→ **Exercise data**:
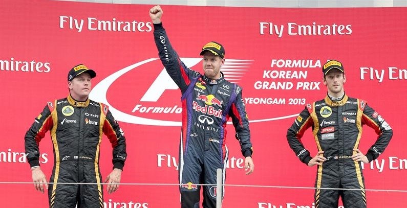 Después de las remontadas protagonizadas por Fernando Alonso en los últimos grandes premios, al asturiano se le acabó el repertorio de trucos. Ni la salida, ni la estrategia, ni su talento, nada ha sido suficiente para adelantar posiciones en la parrilla y seguir creyendo en el milagro. Un milagro que ya tiene fecha de caducidad, el próximo gran premio de Japón, donde si Alonso no puntúa Sebastian Vettel se anotará su cuarto Mundial consecutivo. Corea ha dejado una foto que parece fija, es decir, una nueva victoria del vigente campeón a quien, ni los dos safety car pudieron inquietar en su puesto de líder de la carrera. Una foto monótona y aburrida que no parece vaya a cambiar de aquí al final de la temporada. Aburrida, muy aburrida ha sido esta carrera matinal en la que sólo un par de adelantamientos, algún reventón y un incendio consiguieron que más de uno no se volviera a la cama. Pero fue más de lo mismo, o mejor dicho, fue peor porque esta vez el nuestro, Alonso, vio frustrada la ya habitual remontada.
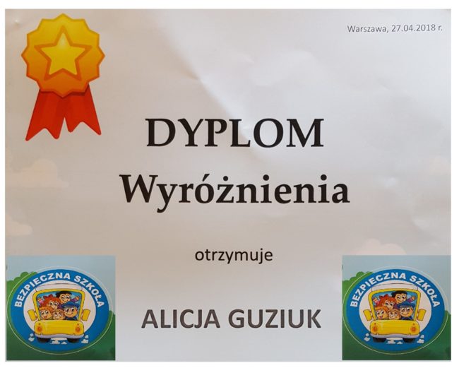 Z wielką radością informujemy, iż Alicja Guziuk z kl. IIICG została wyróżniona w V ogólnopolskim konkursie o bezpieczeństwie i zdrowym trybie życia „Bezpieczna Szkoła”. Nasze gimnazjum uplasowało się w zestawieniu ogólnopolskim na pozycji 11 z 161 szkół startujących. Miejsce szkoły w województwie – 1. Gratulujemy 😊
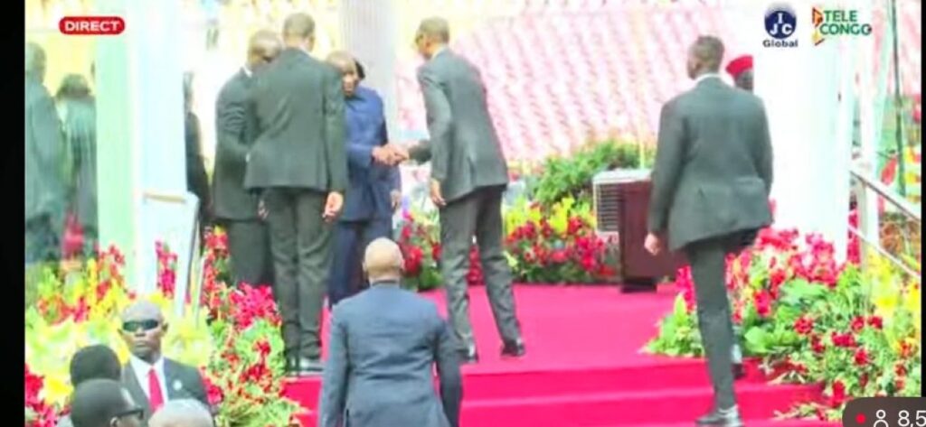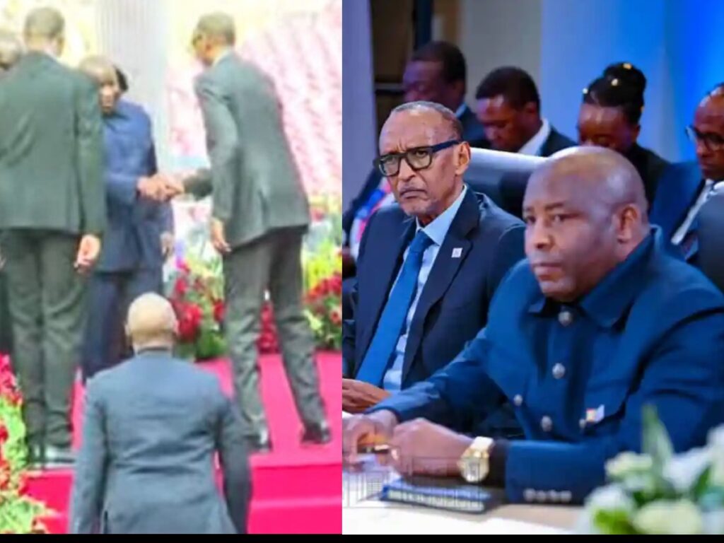 Igihe Perezida Paul Kagame yageraga muri Kintélé Stadium yagaragaye mu mashusho yanyuraga kuri Televiziyo y’Igihugu aho yageze aho ahura na Perezida Ndayishimiye w’u Burundi bararamukanya.
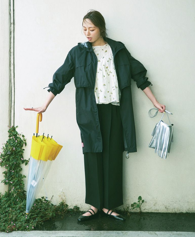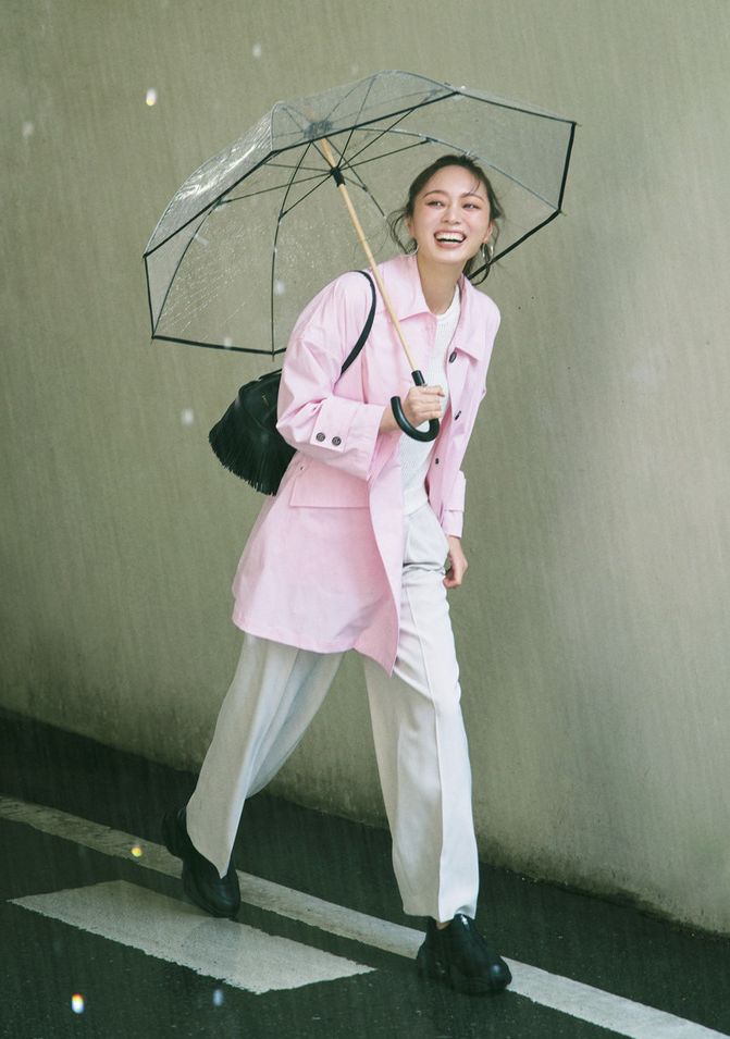傘の老舗ホワイトローズ社のサードマガジン別注デザイン。宮内庁御用達でもあるホワイトローズ社の傘は、いわゆるビニール傘とは一線を画す耐久性と品格を持ち合わせた造りが魅力です。ベージュのパイピングと木の持ち手で、フェミニンなビニール傘。傘はサードマガジン×ホワイトローズ、レインブーツはマッキントッシュ、アウターはHER.、ショートパンツはティーチ、Tシャツはロエフ、バッグはステート オブ エスケープのもの。
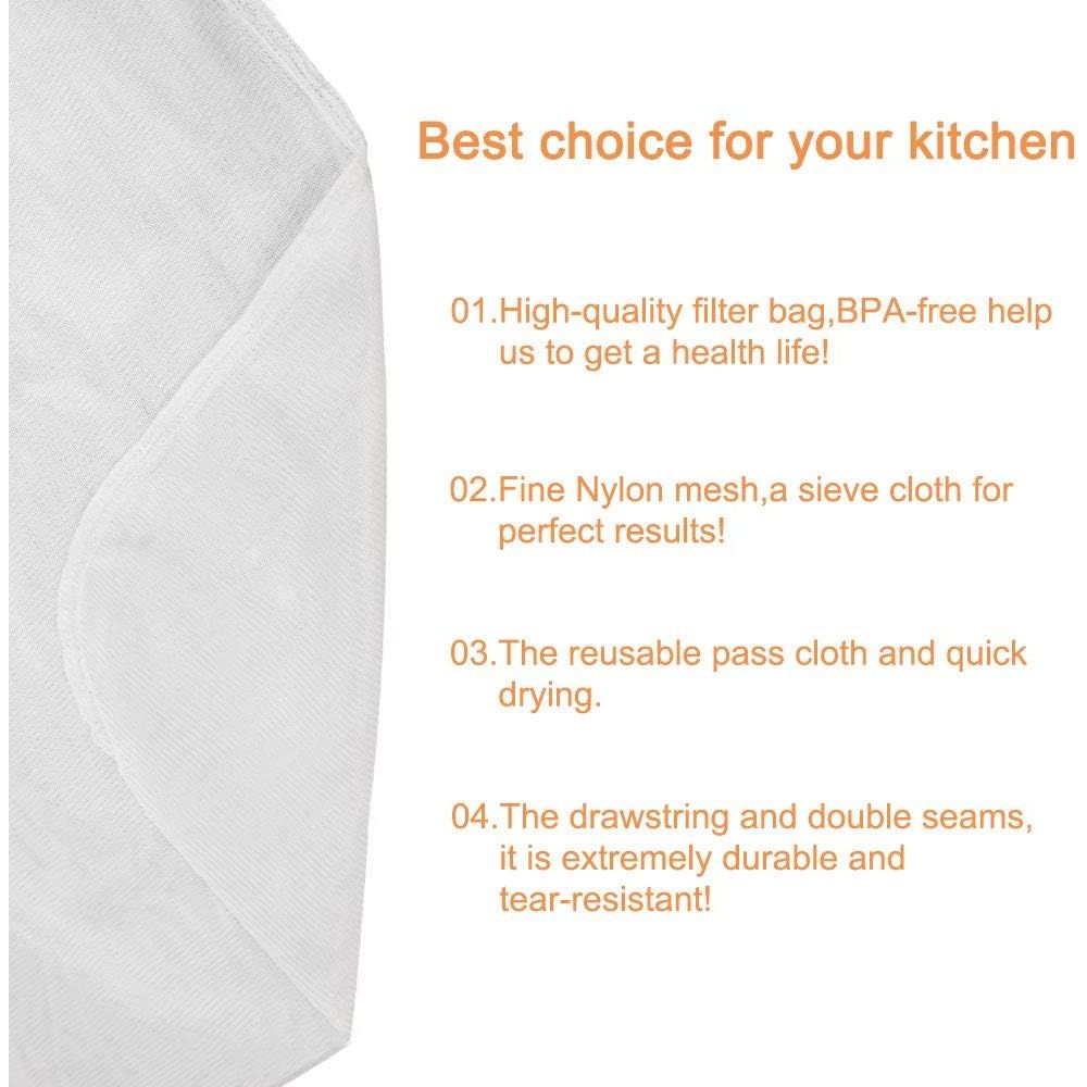 - 4. MULTIPLE USES: High quality nylon food strainer bags withstand hundreds of uses. Much finer mesh filters out much more pulp and it doesn't stretch out in the same way that organic materials do,offer us a safe and healthy choice.
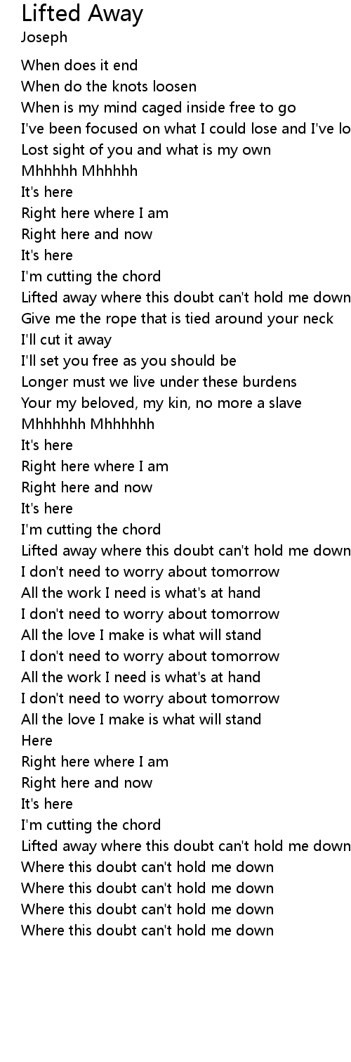 Lifted away where this doubt can't hold me down |
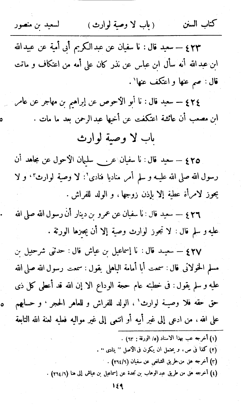 426 - سَعِيدٌ قَالَ: نا سُفْيَانُ، عَنْ عَمْرِو بْنِ دِينَارٍ، أَنَّ رَسُولَ اللَّهِ صَلَّى اللهُ عَلَيْهِ وَسَلَّمَ قَالَ: «§لَا تَجُوزُ لِوَارِثٍ وَصِيَّةٌ إِلَّا أَنْ يُجِيزَهَا الْوَرَثَةُ»
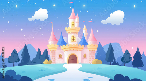 Soft pastel sky with clouds and sparkling twinkles in a whimsical design
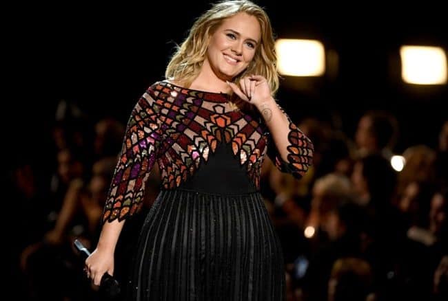 Певица появилась на закрытой вечеринке в облегающем платье от Ralph & Russo с пайетками, забрав волосы наверх, и дополнив образ массивными сережками. При этом, в девушке с трудом можно разглядеть Адель – настолько сильно она преобразилась.
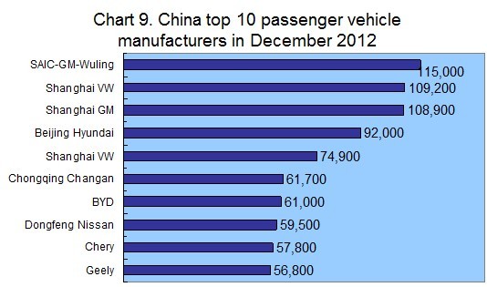 The following Chart shows sales ofChina’s top 10 passenger vehicle manufacturers in December:
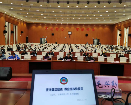 2023年2月26日,云南尚矩律师事务所毛兴勤律师受邀为西山区政协委员授课,毛兴勤律师以“坚守廉洁底线 做合格政协委员”为题,从政协委员的廉洁素养、政协委员常见的廉洁问题、提升政协委员廉洁履职能力的途径等三个方面为200余名政协委员全面介绍了政协委员廉洁履职的相关知识。毛兴勤教授的讲解结合实际、深入浅出、易于理解,为政协委员上了一堂生动的廉政教育课。
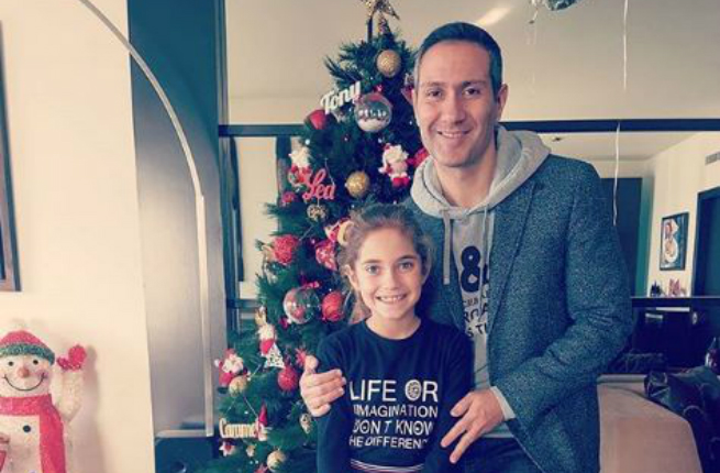 Lebanese stand up comedian and TV host Tony Abou Jaoudeh has been married to Lebanese beauty and TV anchor Carla Haddad for the past couple of years, yet there is another girl who seems to fight for Abu Jaoude's heart: his blue eyed daughter Liya.
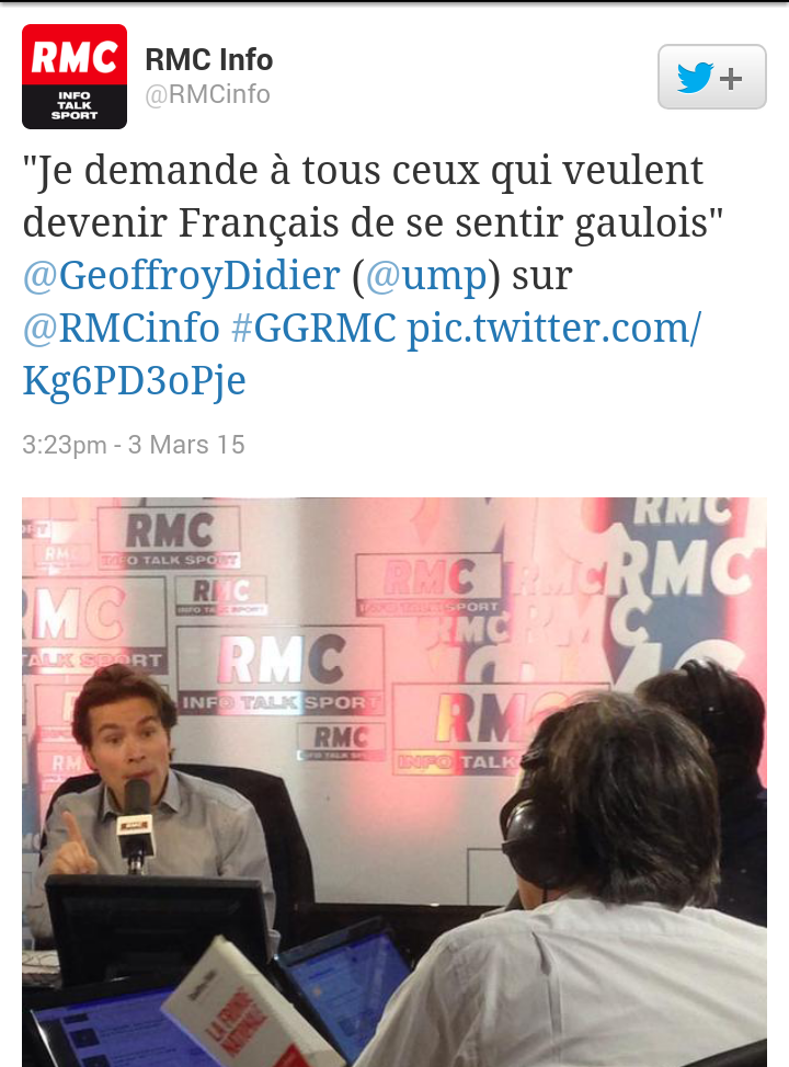 « Je demande à ceux qui veulent devenir Français, quelle que soit leur confession, quelles que soient leurs origines sociales, quelle que soit leur classe sociale, je leur demande de se sentir #gaulois »
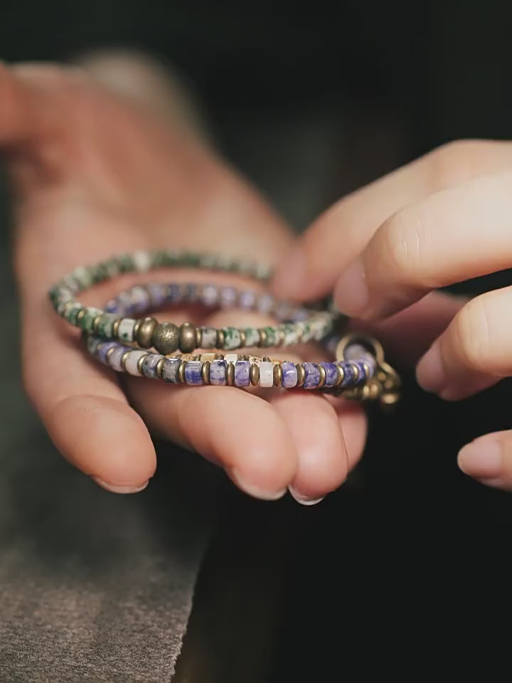 【Cinnabar Tide】Blue-Dotted Pattern Stone / Bronze Bracelet

→ **Exercise directions**:
Top to bottom, retype the listing exactly but drop every picture.

→ **Answer space**:
 Después de las remontadas protagonizadas por Fernando Alonso en los últimos grandes premios, al asturiano se le acabó el repertorio de trucos. Ni la salida, ni la estrategia, ni su talento, nada ha sido suficiente para adelantar posiciones en la parrilla y seguir creyendo en el milagro. Un milagro que ya tiene fecha de caducidad, el próximo gran premio de Japón, donde si Alonso no puntúa Sebastian Vettel se anotará su cuarto Mundial consecutivo. Corea ha dejado una foto que parece fija, es decir, una nueva victoria del vigente campeón a quien, ni los dos safety car pudieron inquietar en su puesto de líder de la carrera. Una foto monótona y aburrida que no parece vaya a cambiar de aquí al final de la temporada. Aburrida, muy aburrida ha sido esta carrera matinal en la que sólo un par de adelantamientos, algún reventón y un incendio consiguieron que más de uno no se volviera a la cama. Pero fue más de lo mismo, o mejor dicho, fue peor porque esta vez el nuestro, Alonso, vio frustrada la ya habitual remontada.
 Z wielką radością informujemy, iż Alicja Guziuk z kl. IIICG została wyróżniona w V ogólnopolskim konkursie o bezpieczeństwie i zdrowym trybie życia „Bezpieczna Szkoła”. Nasze gimnazjum uplasowało się w zestawieniu ogólnopolskim na pozycji 11 z 161 szkół startujących. Miejsce szkoły w województwie – 1. Gratulujemy 😊
 Igihe Perezida Paul Kagame yageraga muri Kintélé Stadium yagaragaye mu mashusho yanyuraga kuri Televiziyo y’Igihugu aho yageze aho ahura na Perezida Ndayishimiye w’u Burundi bararamukanya.
傘の老舗ホワイトローズ社のサードマガジン別注デザイン。宮内庁御用達でもあるホワイトローズ社の傘は、いわゆるビニール傘とは一線を画す耐久性と品格を持ち合わせた造りが魅力です。ベージュのパイピングと木の持ち手で、フェミニンなビニール傘。傘はサードマガジン×ホワイトローズ、レインブーツはマッキントッシュ、アウターはHER.、ショートパンツはティーチ、Tシャツはロエフ、バッグはステート オブ エスケープのもの。
 - 4. MULTIPLE USES: High quality nylon food strainer bags withstand hundreds of uses. Much finer mesh filters out much more pulp and it doesn't stretch out in the same way that organic materials do,offer us a safe and healthy choice.
 Lifted away where this doubt can't hold me down |
 426 - سَعِيدٌ قَالَ: نا سُفْيَانُ، عَنْ عَمْرِو بْنِ دِينَارٍ، أَنَّ رَسُولَ اللَّهِ صَلَّى اللهُ عَلَيْهِ وَسَلَّمَ قَالَ: «§لَا تَجُوزُ لِوَارِثٍ وَصِيَّةٌ إِلَّا أَنْ يُجِيزَهَا الْوَرَثَةُ»
 Soft pastel sky with clouds and sparkling twinkles in a whimsical design
 Певица появилась на закрытой вечеринке в облегающем платье от Ralph & Russo с пайетками, забрав волосы наверх, и дополнив образ массивными сережками. При этом, в девушке с трудом можно разглядеть Адель – настолько сильно она преобразилась.
 The following Chart shows sales ofChina’s top 10 passenger vehicle manufacturers in December:
 2023年2月26日,云南尚矩律师事务所毛兴勤律师受邀为西山区政协委员授课,毛兴勤律师以“坚守廉洁底线 做合格政协委员”为题,从政协委员的廉洁素养、政协委员常见的廉洁问题、提升政协委员廉洁履职能力的途径等三个方面为200余名政协委员全面介绍了政协委员廉洁履职的相关知识。毛兴勤教授的讲解结合实际、深入浅出、易于理解,为政协委员上了一堂生动的廉政教育课。
 Lebanese stand up comedian and TV host Tony Abou Jaoudeh has been married to Lebanese beauty and TV anchor Carla Haddad for the past couple of years, yet there is another girl who seems to fight for Abu Jaoude's heart: his blue eyed daughter Liya.
 « Je demande à ceux qui veulent devenir Français, quelle que soit leur confession, quelles que soient leurs origines sociales, quelle que soit leur classe sociale, je leur demande de se sentir #gaulois »
 【Cinnabar Tide】Blue-Dotted Pattern Stone / Bronze Bracelet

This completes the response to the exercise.